FINANCIAL SUPERVISORY AUTHORITY

Financial Instruments and Investors Sector

Current report in accordance with: Law 24/2017, FSA Regulation no. 5/2018

Report date: January 20, 2022

Regulated market on which issued securities are traded: Bucharest Stock Exchange, Premium category

Extraordinary General Meeting of Shareholders Resolutions of

April 20, 2022

The Extraordinary General Meeting of EVERGENT Investments shareholders took place at the first convocation, on January 20, 2022, at the company's headquarters, in Bacau, 94C Pictor Aman street. All items on the agenda were debated and approved.

The main resolutions adopted are:

  1. Approval of the amendment and completion of the provisions of article 7, paragraphs 20-23 of EVERGENT Investments's Memorandum of Association.
  2. Approval of the reduction of EVERGENT Investments's share capital from 98,121,305.10 lei to 96,175,359.20 lei in accordance with and motivated by the EGMS Resolution no. 3 of April 29, 2021.
  3. Approval of a share buyback program ("Program 6") in order to reduce the share capital, by canceling the shares. The maximum number of shares that can be bought back is 23,100,000 and the price per share is 2.2 lei.
    A major objective of EVERGENT Investments is to reduce the discount between the net asset and the EVER trading price, so that to get closer to the net asset value per share. The new share buyback program, the sixth, pursues this goal, thus resulting in benefits for shareholders, such as: increasing the liquidity of the EVER share and the profit per share, for the shareholders who decide not to sell. Also, the possible increase of the stock market quotation will be added to the total return of the company's shareholders' portfolios.
    The average return of EVERGENT Investments capital distributions is 10.2% in the last 10 years (total distributions of 820,615,002 lei).
    In the same period, the company's data show that the total annualized return is 14.1% (capital appreciation and distributions).
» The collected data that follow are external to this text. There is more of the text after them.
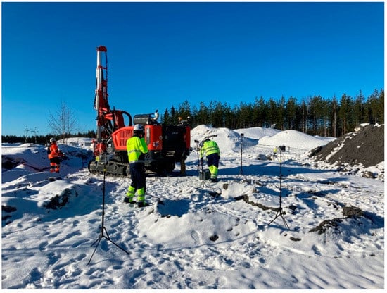 Measuring quartz dust emissions of a drilling rig in a test field. Reproduced with permission from Tuomi et al., Finnish Institute of Occupational Health, 2022 [].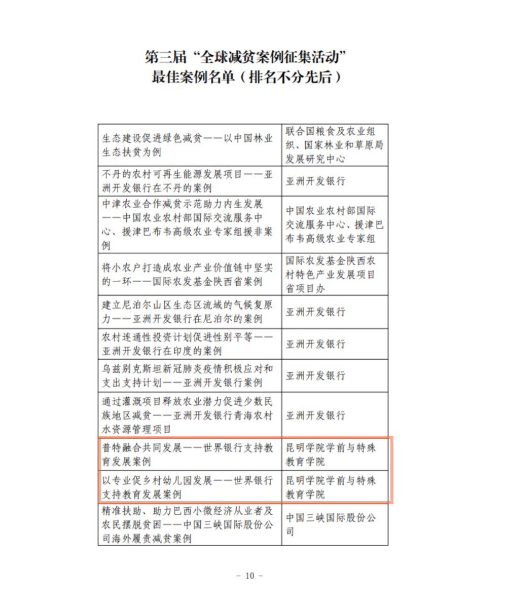 近日,由中国国际扶贫中心、国际农业发展基金、联合国粮食及农业组织、联合国世界粮食计划署和中国互联网新闻中心主办的“2022全球减贫伙伴研讨会”召开,会议发布了“第三届全球减贫案例征集活动”获奖案例。此次征集活动共收到减贫案例517个,获奖104个,云南省入选获奖案例3个。我校学前与特殊教育学院申报的两个案例《普特融合共同发展--世界银行支持教育发展案例》、《以专业促乡村幼儿园发展--世界银行支持教育发展案例》获评为最佳案例。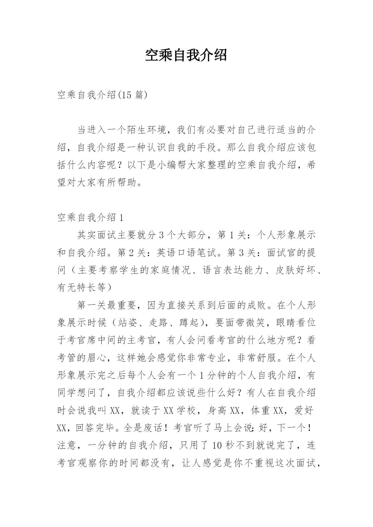 空乘自我介绍空乘自我介绍(15篇)当进入一个陌生环境,我们有必要对自己进行适当的介绍,自我介绍是一种认识自我的手段。那么自我介绍应该包括什么内容呢?以下是小编帮大家整理的空乘自我介绍,希望对大家有所帮助。空乘自我介绍1其实面试主要就分3个大部分,第1关:个人形象展示和自我介绍。第2关:英语口语笔试。第3关:面试官的提问(主要考察学生的家庭情况、语言表达能力、皮肤好坏、有无特长等)第一关最重要,因为直接关系到后面的成败。在个人形象展示时候(站姿、走路、蹲起),要面带微笑,眼睛看位于考官席中间的主考官,有人会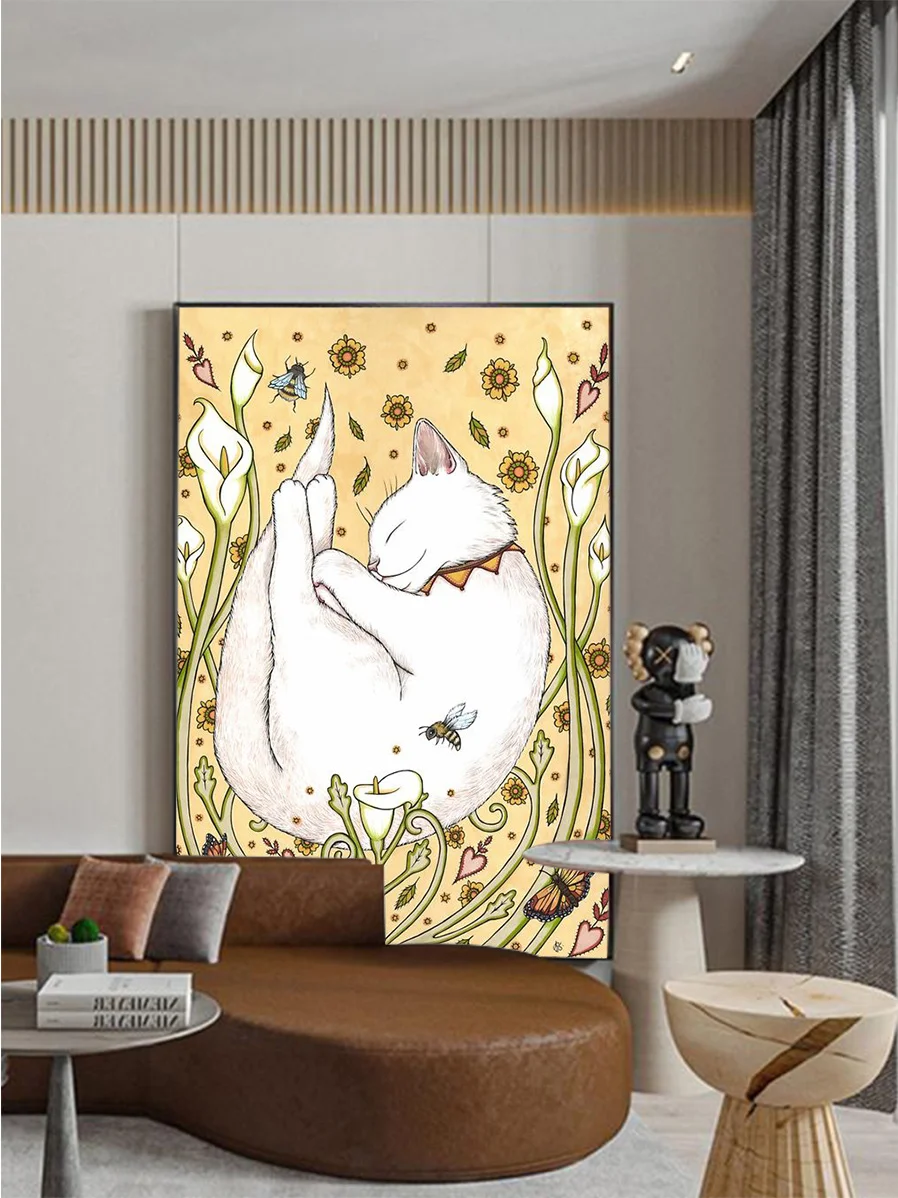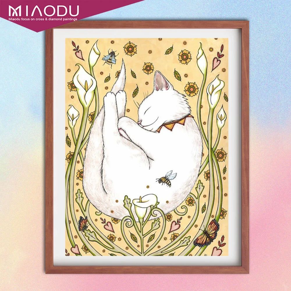 Картина 5D "сделай сам", алмазная живопись, кошка, цветы, Набор для...

The adopted resolutions are in the Annex.

Claudiu Doroș

President and CEO

Michaela Puşcaş

Compliance Manager

Str. Pictor Aman 94C, Bacău 600164, România, T: +40 234 576 740, Fax: +40 234 570 062, office@evergent.ro, www.evergent.ro

Capital social: 98.121.305,10, Depozitar: BRD - GSG, București, CIF: 2816642, EUID: ROONCR.J04/2400/1992

Nr. Registru ASF: PJR09FIAIR/040003, COD LEI: 254900Y1O0025N04US14, COD ISIN: ROSIFBACNOR0

EVERGENT Investments Extraordinary General Meeting of

Shareholders Resolutions of January 20, 2022

  1. Holding the Extraordinary General Meeting of Shareholders on January 20, 2022

EVERGENT Investments Extraordinary General Meeting of Shareholders, headquartered in Bacău, 94C Pictor Aman street, Bacău county, registered in the Bacău Trade Register Office under number J4/2400/1992 and in the FSA Register under number PJR09FIAIR/040003, ISIN ROSIFBACNOR0, sole registration code 2816642, EUID: ROONRC. J/04/2400/1992 and having the subscribed and paid-in share capital of 98,121,305.10 lei, carried out its works at the first call, on January 20, 2022, at the headquarter of the company from Bacau, in the "Ioan Maric" hall on the ground floor. According to the convening notice, the persons who were shareholders on the reference date, on January 7, 2022, were entitled to participate and vote.
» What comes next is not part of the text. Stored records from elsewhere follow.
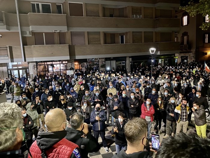 Pescara. Centinaia di persona in piazza a Pescara per protestare contro le chiusure imposte dal Dpcm Conte: c’erano baristi, ristoratori, titolari di palestre, operatori di centri scommesse e sale bingo e rappresentanti di tutti i settori colpiti dal decreto.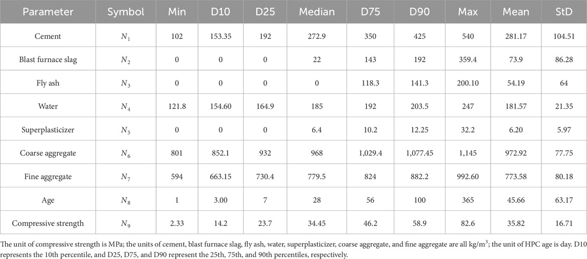 The CS data of HPC using industrial waste comes from the CS field of HPC in UC Irvine machine learning library (Lichman, 2013). The CS database of HPC comprises 1,030 data points, including CS, cement, fine aggregate, coarse aggregate, blast furnace slag, fly ash, water, superplasticizer, and HPC age. The quantitative statistical information of various parameters in the database is displayed in Table 1.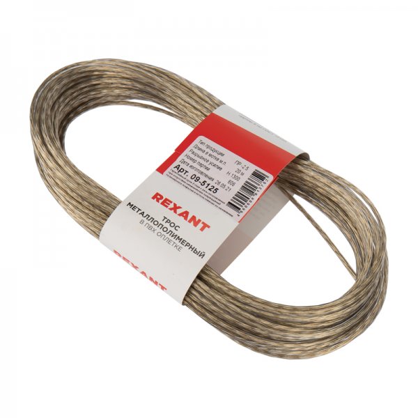 Трос стальной в ПВХ оплетке d= 2,5 мм, прозрачный ( моток 20 м) REXANT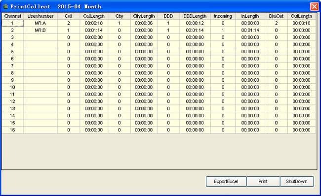 9 Print and collect table interface. Can do some statistics about dial in / out times and conversation duration by month or day.It also can export the results to Excel.

At the meeting attended individually, by representative or by correspondence a number of 52 shareholders, owning a total of 389,920,402 voting shares, representing 40.72% of the total voting shares of EVERGENT Investments share capital (total voting shares 957,563,544 representing 97.6% of EVERGENT Investments share capital).

The meeting of the General Assembly was chaired by Mr. Claudiu Doros, President of the Board of Directors and CEO of EVERGENT Investments.
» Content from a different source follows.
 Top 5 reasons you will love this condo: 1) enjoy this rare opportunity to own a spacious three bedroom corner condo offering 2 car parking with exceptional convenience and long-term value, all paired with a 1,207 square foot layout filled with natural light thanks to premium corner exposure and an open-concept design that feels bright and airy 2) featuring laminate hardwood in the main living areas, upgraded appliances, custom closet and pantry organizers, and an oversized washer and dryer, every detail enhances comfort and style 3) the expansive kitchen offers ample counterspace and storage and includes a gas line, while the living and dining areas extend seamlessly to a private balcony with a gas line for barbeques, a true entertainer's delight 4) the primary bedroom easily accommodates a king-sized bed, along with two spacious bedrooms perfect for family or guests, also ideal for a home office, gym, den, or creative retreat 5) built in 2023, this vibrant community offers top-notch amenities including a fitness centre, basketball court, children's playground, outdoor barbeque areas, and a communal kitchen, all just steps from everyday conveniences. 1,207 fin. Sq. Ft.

Within the Extraordinary General Meeting, all the items on the agenda were debated and approved, in compliance with the statutory provisions (article 6 paragraph 19 of EVERGENT Investments Memorandum of Association) and the provisions of Law no. 31/1990 regarding the companies, namely with the majority of the votes held by the shareholders who were present or represented for the resolutions 1, 2, 4, 5, 6 and with at least two thirds of the voting rights held by the shareholders who were present or represented for the resolution no. 3 regarding the reduction of the share capital.

EVERGENT Investments Extraordinary General Meeting of

Shareholders of January 20, 2022

DECIDES

Resolution no. 1

Elects the secretariat of the extraordinary general meeting, consisting of 3 persons, from the company's shareholders, registered on the ballot papers, according to art. 129, para. (2) of Law no. 31/1990: Ardeleanu Silviu, Dolgos Iulia Georgiana, Sofian Virginia.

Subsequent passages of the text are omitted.